I have a string as
sg_ts_feature_name_01_some_xyz
In this, i want to extract two words that comes after the pattern - sg_ts with the underscore seperation between them
It must be,
feature_name
This regex,
st = 'sg_ts_my_feature_01'
a = re.match('sg_ts_([a-zA-Z_]*)_*', st)
print a.group()
returns,
sg_ts_my_feature_
whereas, i expect,
my_feature
-
Have a look at this demo.Wiktor Stribiżew– Wiktor Stribiżew2015年09月26日 09:19:05 +00:00Commented Sep 26, 2015 at 9:19
-
stribizhev is too humble to put his best answer as just a comment and leave without traces....user2879704– user28797042015年09月26日 09:24:14 +00:00Commented Sep 26, 2015 at 9:24
-
No, I just was looking after my 2 children, I have no time to write a full answer. Glad you could solve your issue with others' help. Have a great weekend.Wiktor Stribiżew– Wiktor Stribiżew2015年09月26日 09:59:25 +00:00Commented Sep 26, 2015 at 9:59
2 Answers 2
The problem is that you are asking for the whole match, not just the capture group. From the manual:
group([group1, ...]) Returns one or more subgroups of the match. If there is a single argument, the result is a single string; if there are multiple arguments, the result is a tuple with one item per argument. Without arguments, group1 defaults to zero (the whole match is returned). If a groupN argument is zero, the corresponding return value is the entire matching string; if it is in the inclusive range [1..99], it is the string matching the corresponding parenthesized group.

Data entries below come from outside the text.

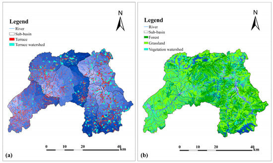 Extraction of terrace watershed (a) and vegetation watershed (b) of Pianguanhe in 2010s.
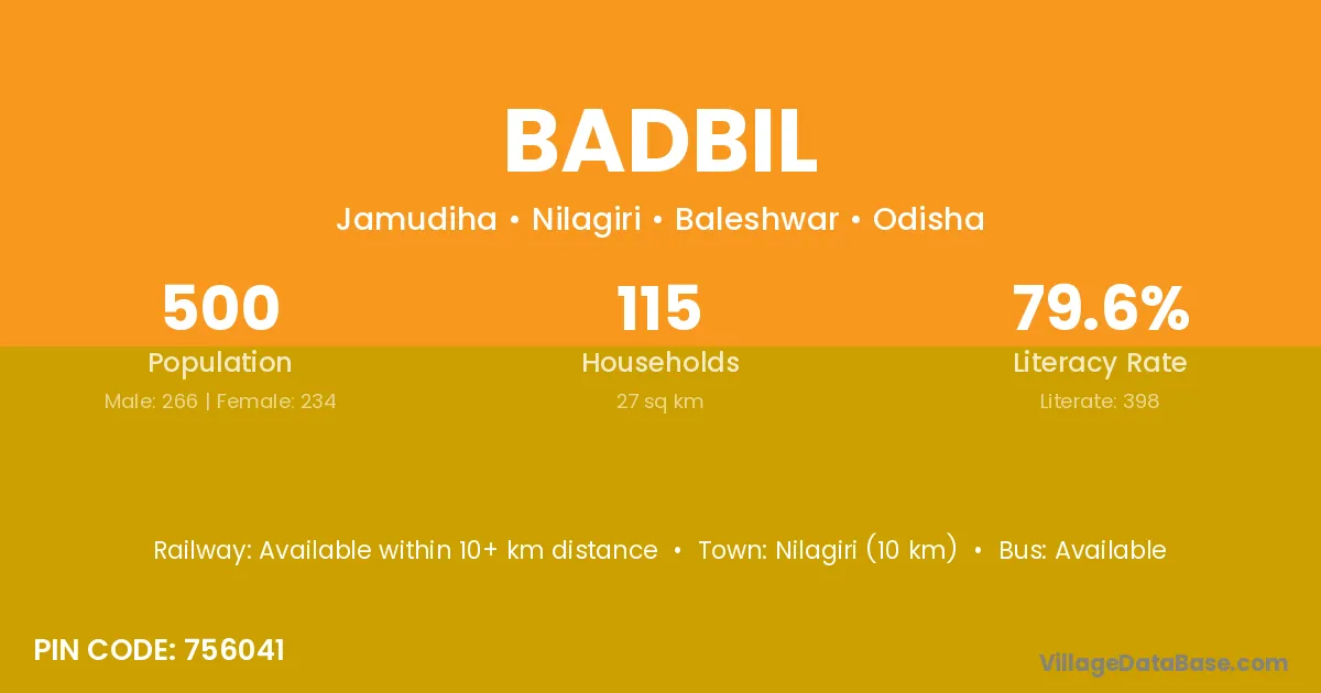 Nilagiri (10 km) is the nearest town to Badbil village for major economic activities and is located approximately 10 km away.
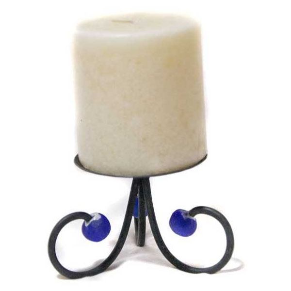 This nifty piece, made by hand in Ghana, can hold either a votive or a pillar candle. The design is simple and modern, with recycled glass beads adding touches of color to the sturdy metal tripod.
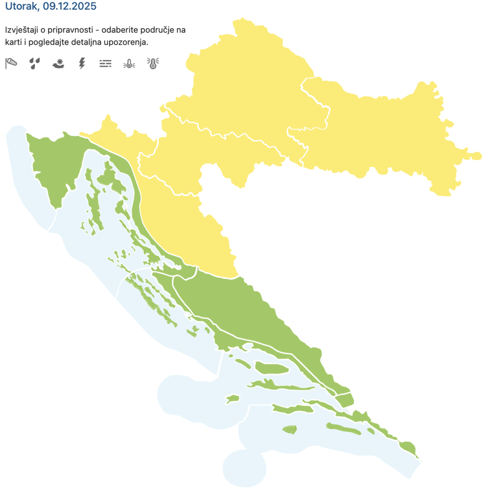 "Budite na oprezu zbog rasprostranjene, lokalno guste magle. Moguć je izraženiji utjecaj na svakodnevne vanjske aktivnosti. Moguć je prekid rada zračnih luka te kašnjenja kao i otežano prometovanje uslijed izrazito smanjenje vidljivosti zbog čega putovanja mogu potrajati dulje od uobičajenog", upozorio je DHMZ, oglasivši meteoalarm žutog stupnja za velik dio kopneni dio Hrvatske.
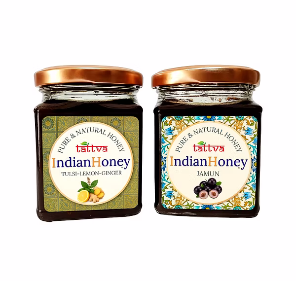 IndianHoney Diabetics-Friendly Jamun Honey & Warming & Anti-Inflammatory Ginger Infused Honey Combo Pack (230gm & 230gm) - Jamun & Tulsi Lemon Ginger Details
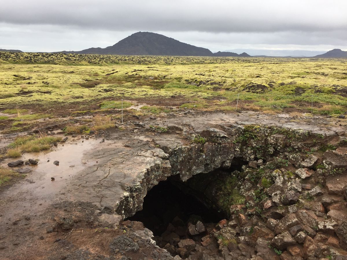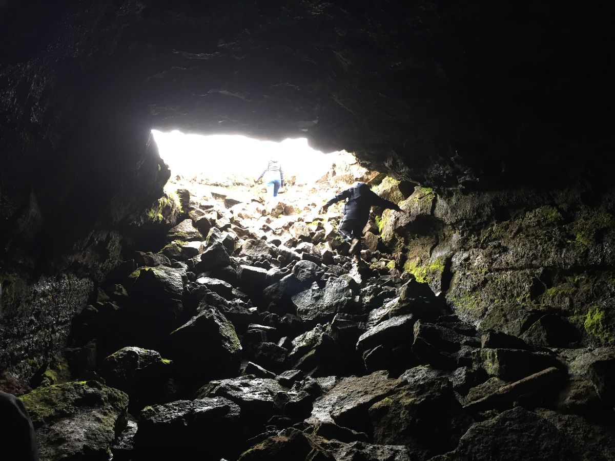 洞窟探検は鍾乳洞のようなものと思っていましたが、もっと狭くて坑道を行くイメージでした。ところどころふた手に分かれている道があり、coolな(カッコイイ)道を行くか普通の道を行くか選択をしなければなりません。体力的に普通の道を選びましたが、多くの人は厳しい道を選んで楽しんでいました。洞窟のある辺りはコケだらけの不毛な土地で、それまで見てきたアイスランドのどの土地とも違っていました。
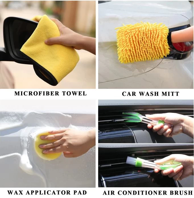 • 🧰 All-in-One Cleaning Kit – Comes with towels, mitts, applicator pads, a window scraper, and even a stone hook for tires—everything you need for full car detailing in one box.
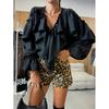 Autumn Design Sense V-Neck Long Sleeve Solid Color Versatile Shirt Top for Women
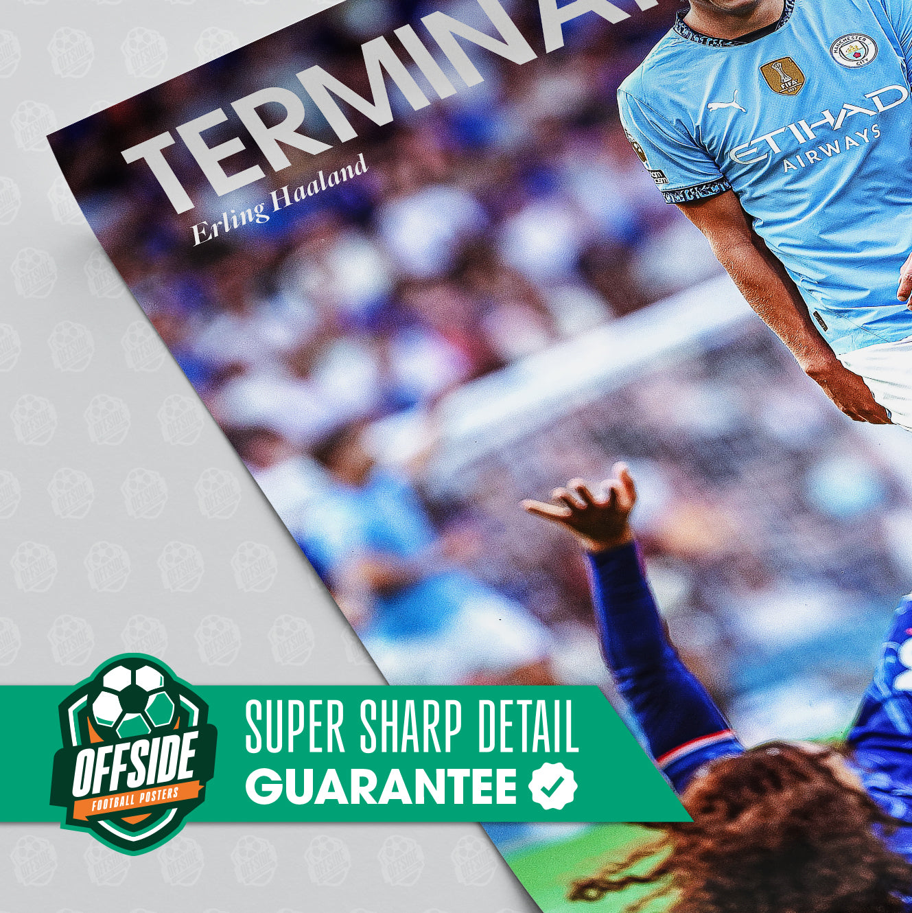 Enhance your space with this premium poster of Manchester City striker Erling Haaland 'Terminator'.
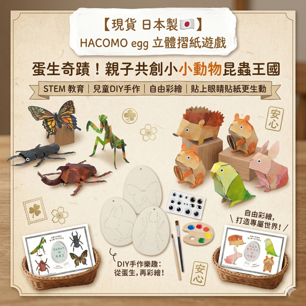 【現貨】【日本製🇯🇵】HACOMO egg 立體摺紙遊戲系列 |STEM 教育|兒童DIY手作 × 親子創意勞作兒童
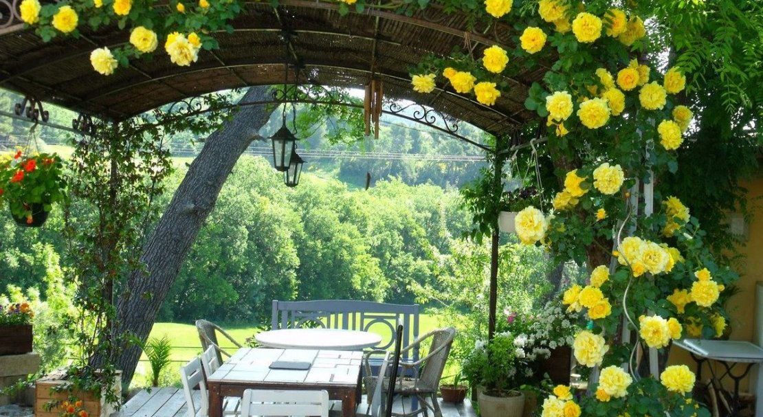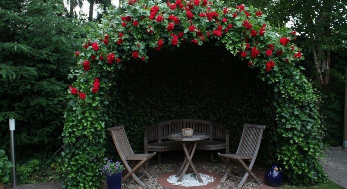 Місце для романтичних вечорів і хорошого відпочинку може створити пергола, на якій будуть рости квітучі та ароматні культури: плетиста троянда, хміль, в'юнок жимолости, декоративна гарбуз і чубушник. Така опора буде не лише красивою, а й довговічною. Проте для цього доведеться відкласти кошти.
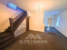 Enjoy a bright open living area, updated light fixtures, and a kitchen with beautiful wood cabinetry, ample counter space, and a cozy brick accent wall. The main-floor bathroom features a washer and dryer for convenience only (not maintained by the owner). Upstairs offers roomy bedrooms with great natural light and additional storage.
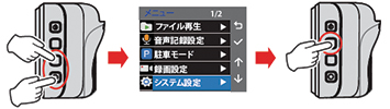 下記の手順に従って、お使いのドライブレコーダーのファームウェアバージョンが、アップデート対象バージョンかどうかを確認してください。
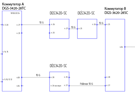 Пытаемся настроить кольцо глядя на http://www.dlink.ru/ru/faq/62/243.html. схема соединения коммутаторов в файле.

and you asked for a.group() which is equivalent to a.group(0) which is the whole match. Asking for a.group(1) will give you only the capture group in the parentheses.
Comments
You can ask for the group surrounded by the parentheses, 'a.group(1)', which returns
'my_feature_'
In addition, if your string is always in this form you could also use the end-of string character $ and to make the inner match lazy instead of greedy (so it doesn't swallow the _).
a = re.match('sg_ts_([a-zA-Z_]*?)[_0-9]*$',st)